Ермолай, по-стариковски опираясь руками о колени, встал и, размашисто
шагая, пошел. Вера - за ним. Шли они тем же путем, каким Вера пришла в
деревню. Выйдя в прогон, старик пошел прямо. У длинного сарая он свернул на
огород и пошагал к черневшей избе. Подойдя к окну, Ермолай прислушался и
трижды стукнул в раму. Из-за двери шамкающий голос спросил:
- Кого бог несет?
- Харитоныч, открой! - тихо сказал Ермолай.
Дверь отворилась.
- Чего ты ни свет ни заря?
Ермолай шепотом рассказал Харитонычу о полицаях.
- Это мы, Прокофьевич, в один момент. - И Харитоныч торопливо скрылся
во тьме сеней.
- Эх, если бы не твое дело, Настя, - шептал дед Ермолай, - то я бы сам
их прикончил... Идем теперь к твоим! - махнул он рукой и пошел впереди.
- Что же теперь будет, дедушка? - спросила Вера.
- А то и будет, что им сегодня наши голову свернут!


ГЛАВА ВТОРАЯ

У Журавлиного болота Ермолай остановился.
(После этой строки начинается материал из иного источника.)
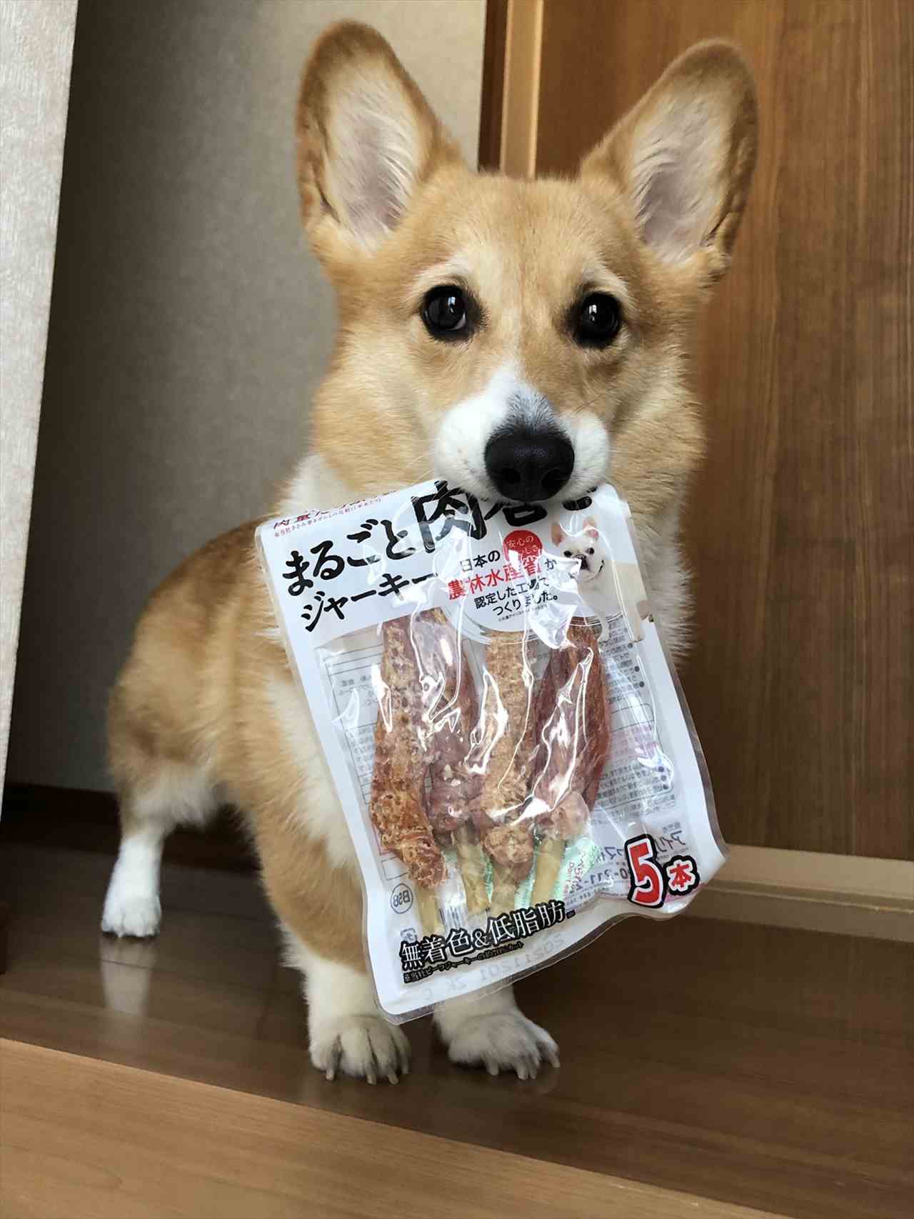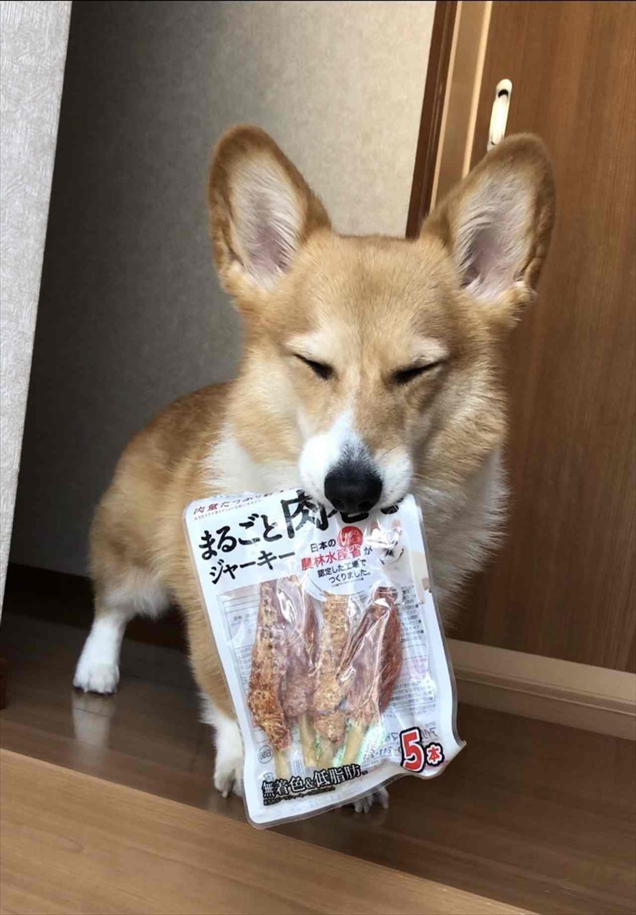 袋破いて食べちゃわないの、偉いです…うちのコーギーは前に、父親のリュックに入ってたコンビニのおにぎり2個食べました…海苔だけ残ってました……
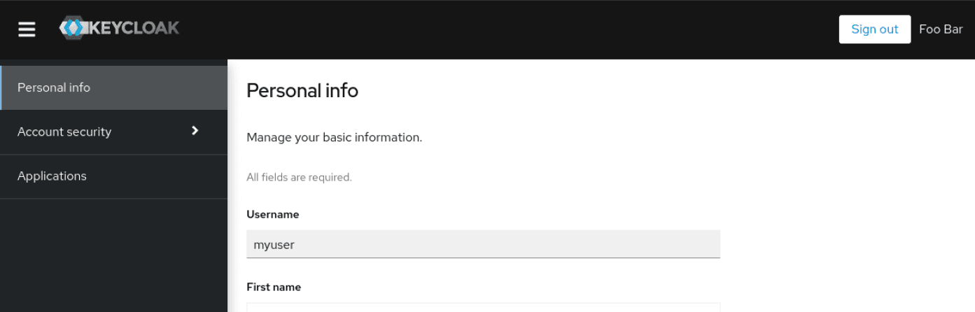 Keycloak also offers an account management console. You can use this portal to update your profile, change passwords and set up two-factor authentication. You can also get an overview of all open sessions and keep an eye on your logins.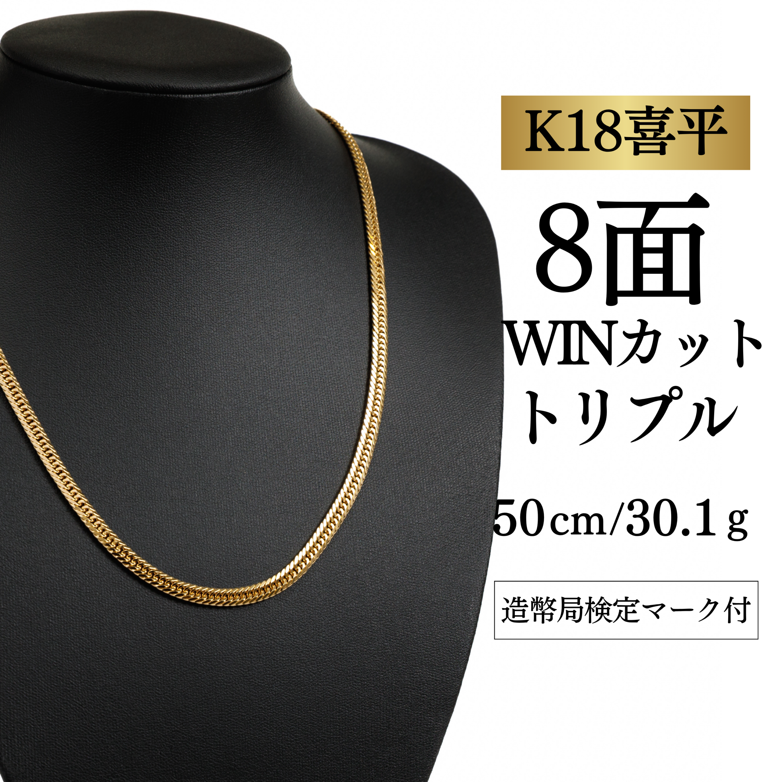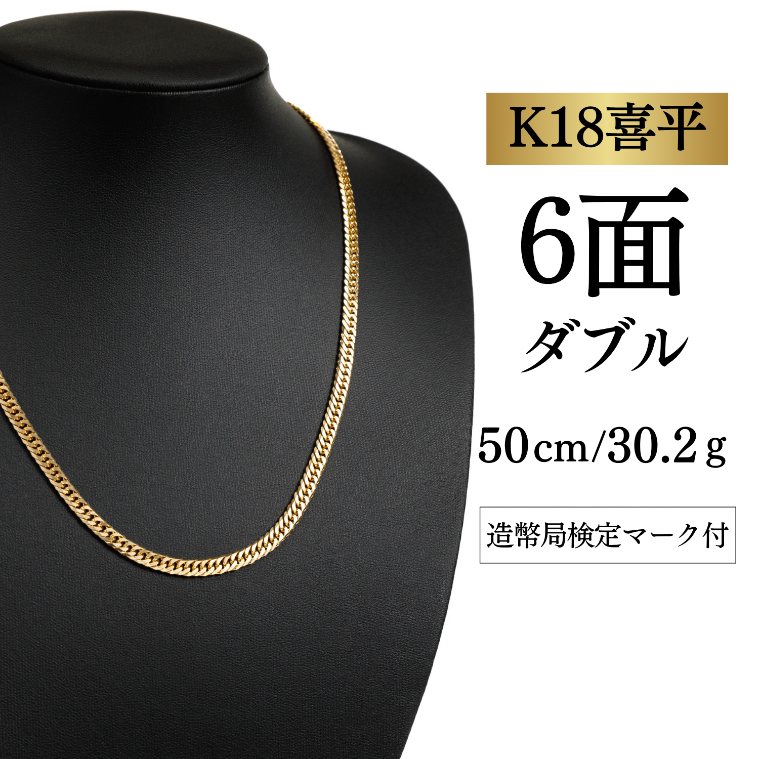 新品未使用 【K18YG/18金】イエローゴールド 喜平ネックレス 6面カット ダブル【30.2g / 50cm】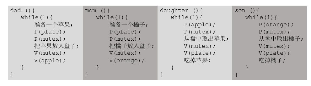 桌子上有一只盘子,每次只能向其中放入一个水果。爸爸专向盘子中放苹果,妈妈专向盘子中放橘子,儿子专等着吃盘子中的橘子,女儿专等着吃盘子中的苹果。只有盘子空时,爸爸或妈妈才可向盘子中放一个水果。仅当盘子中有自己需要的水果时,儿子或女儿可以从盘子中取出水果。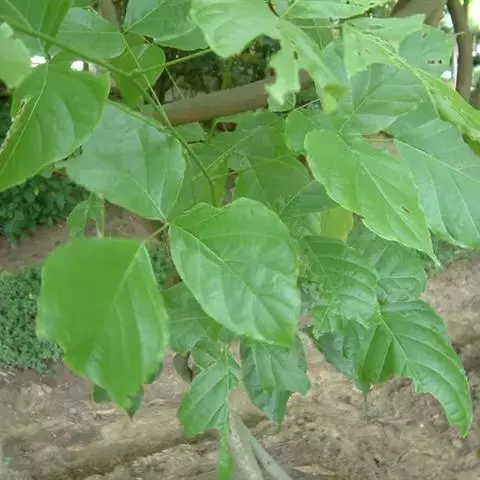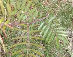 小枝圆柱形,羽状复叶,小叶多脱落,小叶片长椭圆形,先端钝或微凹,全缘。气微,味苦。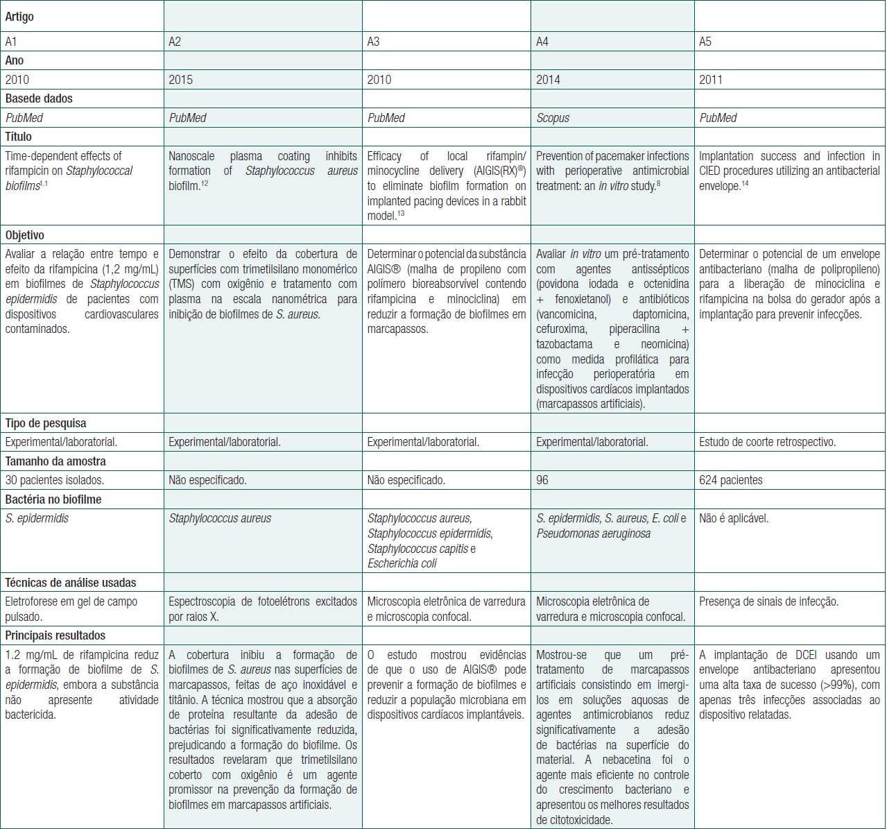 Os cinco artigos incluídos na presente revisão foram denominados de A1 a A5 para propósitos didáticos. Todas as publicações foram escritas em inglês e publicadas entre 2010 e 2015. Houve uma concentração de artigos na base de dados PubMed (75%). Em geral os estudos tinham como objetivo avaliar o potencial de agentes antimicrobianos, farmacológicos, químicos e/ou físicos para evitar ou minimizar a formação de biofilmes em marcapassos artificiais (Quadro 2).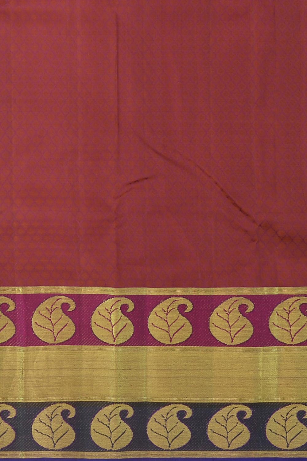 Dive deep into the heritage of Kancheevaram with this pure silk marvel, a saree that beautifully encapsulates the essence of tradition fused with a touch of contemporary elegance. The rich maroon body of this saree is intricately woven using the Jacquard technique, presenting a self-jacquard design that whispers tales of ancient craftsmanship and artistry.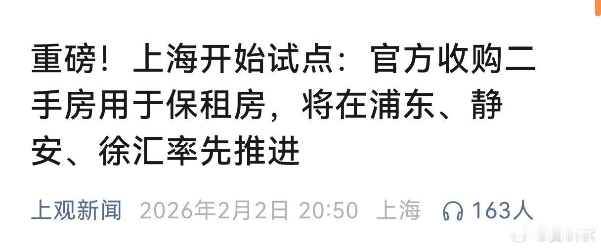 上海启动了一个挺有意思的试点:由政府牵头,收购市区的二手房,装修后作为保障性租赁住房,租给年轻人。换句话说,这是给上海的住房循环系统,做了一个“搭桥手术”,目的是让各方都受益。第一,对有意卖房、甚至“卖旧买新”的人来说,政府按市场评估价买你的房子,还有什么不放心的!特别是市场上那些住了几十年的“老破小”,政府给你提供一个稳妥、省心的推出渠道。第二,对正在找房的新上海人和青年人才来说,多了一批地段好、交通方便的保租房。这些房子收上来后会统一装修再出租,租金还会比市场价稍低。第三,对整个上海楼市来说,一举多得。既盘活了存量房屋,又快速增加了保障房供应。目前,上海有三个区,正展开试点,而且是“一区一策”。比如浦东新区,重点针对内环内、2000年以前建成、面积70平方米以下、总价400万元以内的小户型住宅。采取“以旧换新”的闭环操作,特别适合改善型业主。比如静安区,优先收购产权清晰的小户型房源,并鼓励业主将售房款用于购买静安区内的商品房(尤其是新房)。比如徐汇区,主要瞄准市场上在售的小户型存量房源,收购后统一装修改造,作为保障性租赁住房向符合条件的市民供应。而对于老百姓来说,这项政策的试点,相当于试图用创新的“以购代建”模式,让房子的流动更顺畅。如果这个试点能成功,未来很可能在上海更多区域推广。买下二手房用于保租房上海试点收购二手房做保租房上海晏秋秋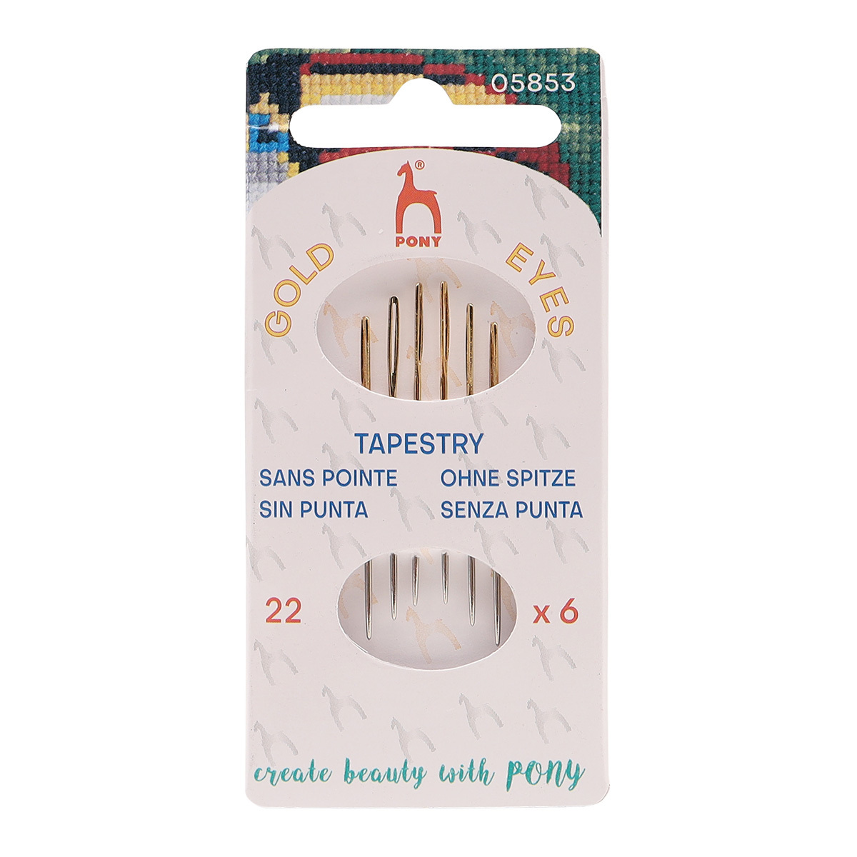 Иглы ручные гобеленовые с золотым ушком Tapestry №22, 6 шт, PONY, 05853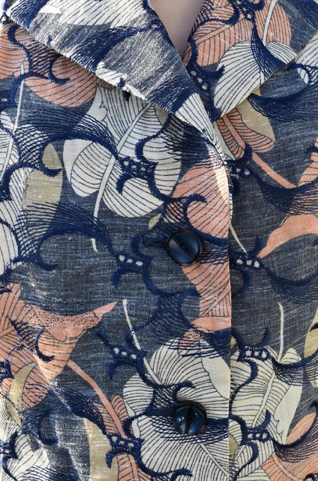 おとなしい素地に白と薄いオレンジのサイケ調の葉っぱが描かれ、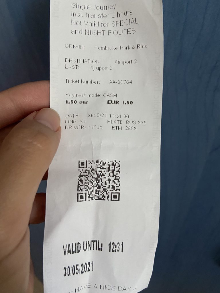 マルタのバスは2時間乗り放題で、冬は1.5€、夏は2€です。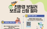 광주광역시 온라인뉴스팀2025. 02.13[뉴스앤저널]광주광역시가 올해 저소득층‧취약계층 등을 대상으로 ‘가정용 친환경 보일러 설치 지원 사업’을 추진한다. 미세먼지와 온실가스 감축 등 대기환경 개선사업의 하나로, 8억4000만원을 투입해 친환경 보일러 1400대의 교체 비용(각 60만원)을 지원할 계획이다. 친환경 보일러는 일반 노후보일러 대비 대기오염물질의 주범인 질소산화물(NOx) 발생량이 8배 낮고 에너지 효율은 12% 높아 난방비를 연간 최대 44만원 가량 절약하는 효과가 있다. 보조금이 지원되는 친환경 보일러는 한국환경산업기술원의 환경표지 인증을 받은 제품...
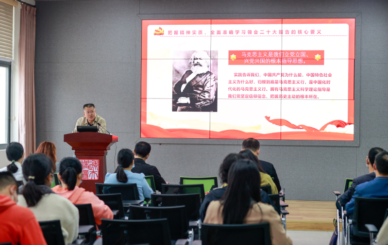 朱金生从“把握精神实质,全面准确学习领会二十大报告的核心要义”、“强化党章意识,忠诚捍卫‘两个确立’、坚决做到‘两个维护’”、“牢记使命担当,将党的二十大精神贯穿到工会工作各方面、全过程”三个方面,对党的二十大精神进行了详细解读,并分享自己的学习体会。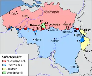 Belgien hat drei Amtssprachen (Niederländisch, Französisch und Deutsch) und vier Sprachgebiete (Brüssel wird als separates, zweisprachiges französisch-niederländisches Gebiet betrachtet), siehe Karte.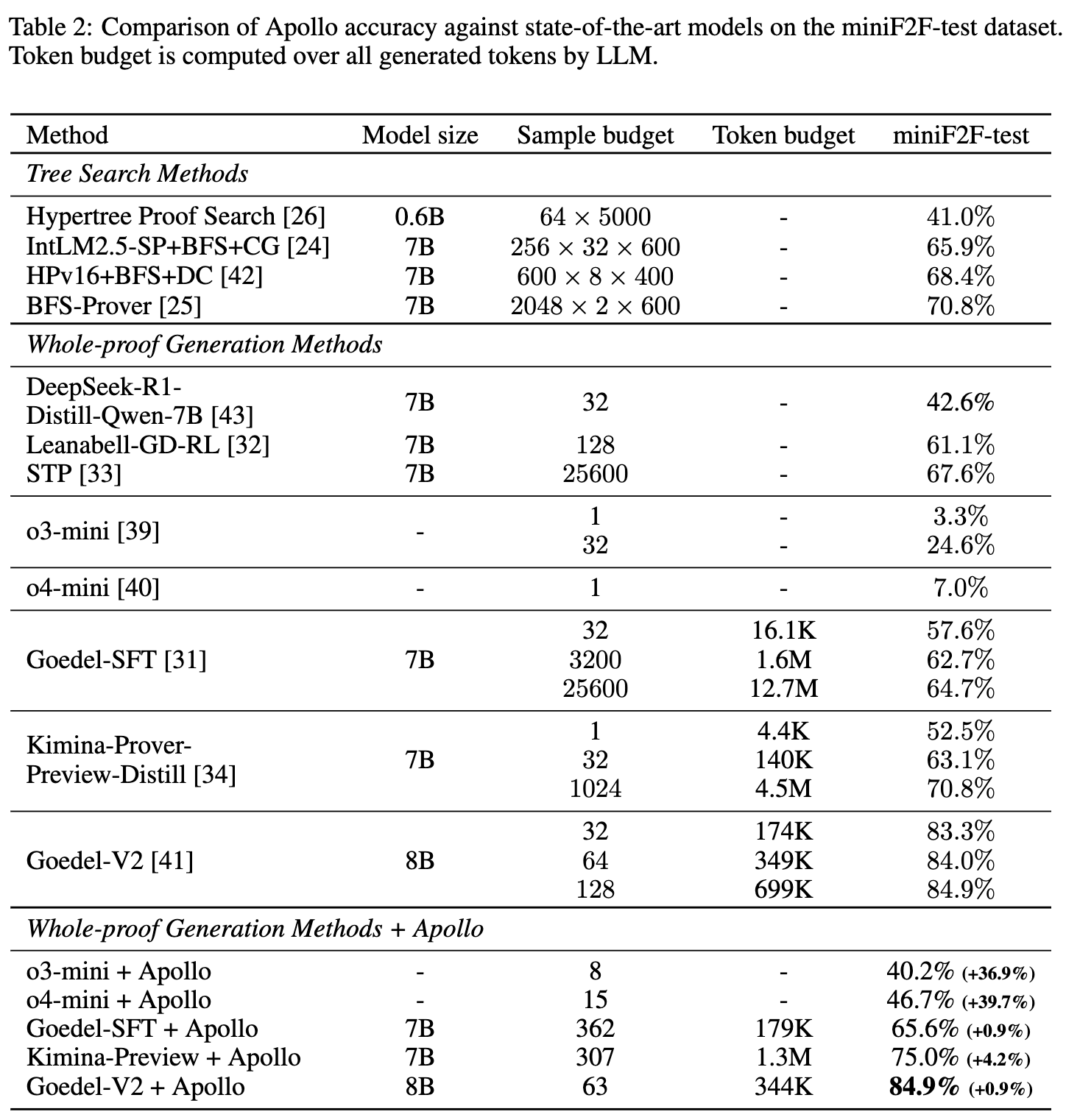 When integrated with the Goedel-V2-8B theorem prover, Apollo yields an accuracy of 84.9% with an average sampling budget of 63, whereas the standalone model requires a budget of 128 to reach the same accuracy. On general-purpose models not explicitly trained for Lean 4 (OpenAI o3-mini and o4-mini), base accuracies of 3.3% and 7.0% increase to 40.2% and 46.7%, respectively, after applying Apollo’s syntax corrections and solver-guided refinements.

Сняв шапку, отер вспотевшее
лицо и показал вправо на заросшую дорогу:
- Последний наш сворот. Далеко твои-то?
- Да еще с километр, сразу за ручьем, - ответила Вера.
- Чего ж ты так далеко их оставила?
- Там глушь, спокойней.
- Что верно, то верно - глушь, - послышался вздох старика. - Не люблю я
эти места. Уж очень много здесь всякой дряни водится - волков, змей. Да и
фашистское зверье иногда за партизанами охотится...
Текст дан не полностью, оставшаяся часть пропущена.